### RECORDS FOR THIS TASK
------------------------------------

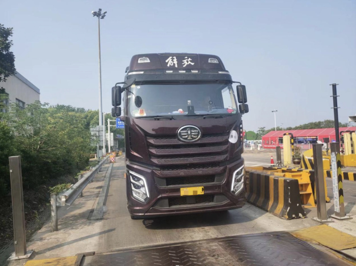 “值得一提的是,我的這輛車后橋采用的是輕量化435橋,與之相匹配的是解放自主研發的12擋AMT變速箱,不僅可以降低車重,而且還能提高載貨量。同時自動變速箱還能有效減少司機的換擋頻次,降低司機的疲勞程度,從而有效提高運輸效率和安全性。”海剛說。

------------------------------------

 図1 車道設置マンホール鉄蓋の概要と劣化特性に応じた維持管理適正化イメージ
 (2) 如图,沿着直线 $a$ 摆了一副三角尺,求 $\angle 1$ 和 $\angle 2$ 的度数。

------------------------------------

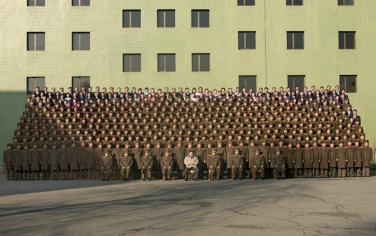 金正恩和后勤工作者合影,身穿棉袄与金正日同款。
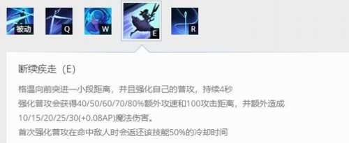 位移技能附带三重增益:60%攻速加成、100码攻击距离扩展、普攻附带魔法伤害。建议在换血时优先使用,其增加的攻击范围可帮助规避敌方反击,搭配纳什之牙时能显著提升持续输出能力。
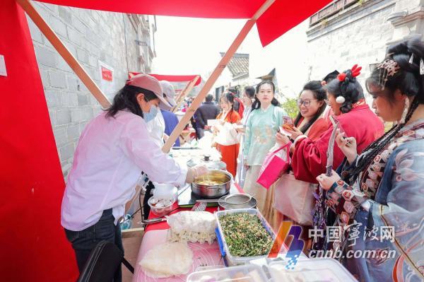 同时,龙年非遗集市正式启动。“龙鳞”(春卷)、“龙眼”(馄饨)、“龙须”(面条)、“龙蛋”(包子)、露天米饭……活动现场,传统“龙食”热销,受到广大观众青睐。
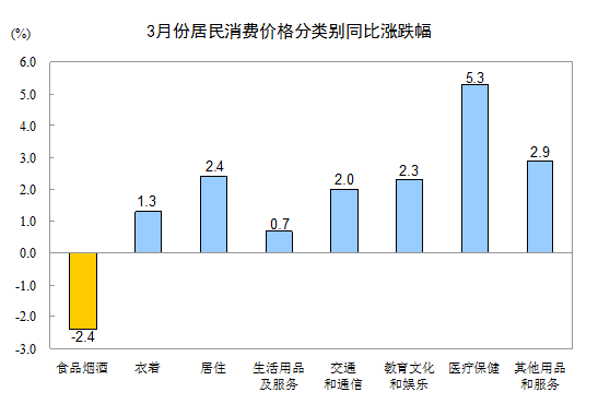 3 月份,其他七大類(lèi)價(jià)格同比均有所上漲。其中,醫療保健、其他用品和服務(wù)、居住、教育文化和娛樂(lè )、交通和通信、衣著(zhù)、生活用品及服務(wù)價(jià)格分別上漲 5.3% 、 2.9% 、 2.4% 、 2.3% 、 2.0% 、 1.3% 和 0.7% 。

------------------------------------

### WORK REQUEST
Could you restate, word for word, the lines above from the one with "図1 車道設置マンホール鉄蓋の概要と劣化特性に応じた維持管理適正化イメージ" to the one with "(2) 如图,沿着直线 $a$", both included?

### RESPONSE BOX
 図1 車道設置マンホール鉄蓋の概要と劣化特性に応じた維持管理適正化イメージ
 (2) 如图,沿着直线 $a$ 摆了一副三角尺,求 $\angle 1$ 和 $\angle 2$ 的度数。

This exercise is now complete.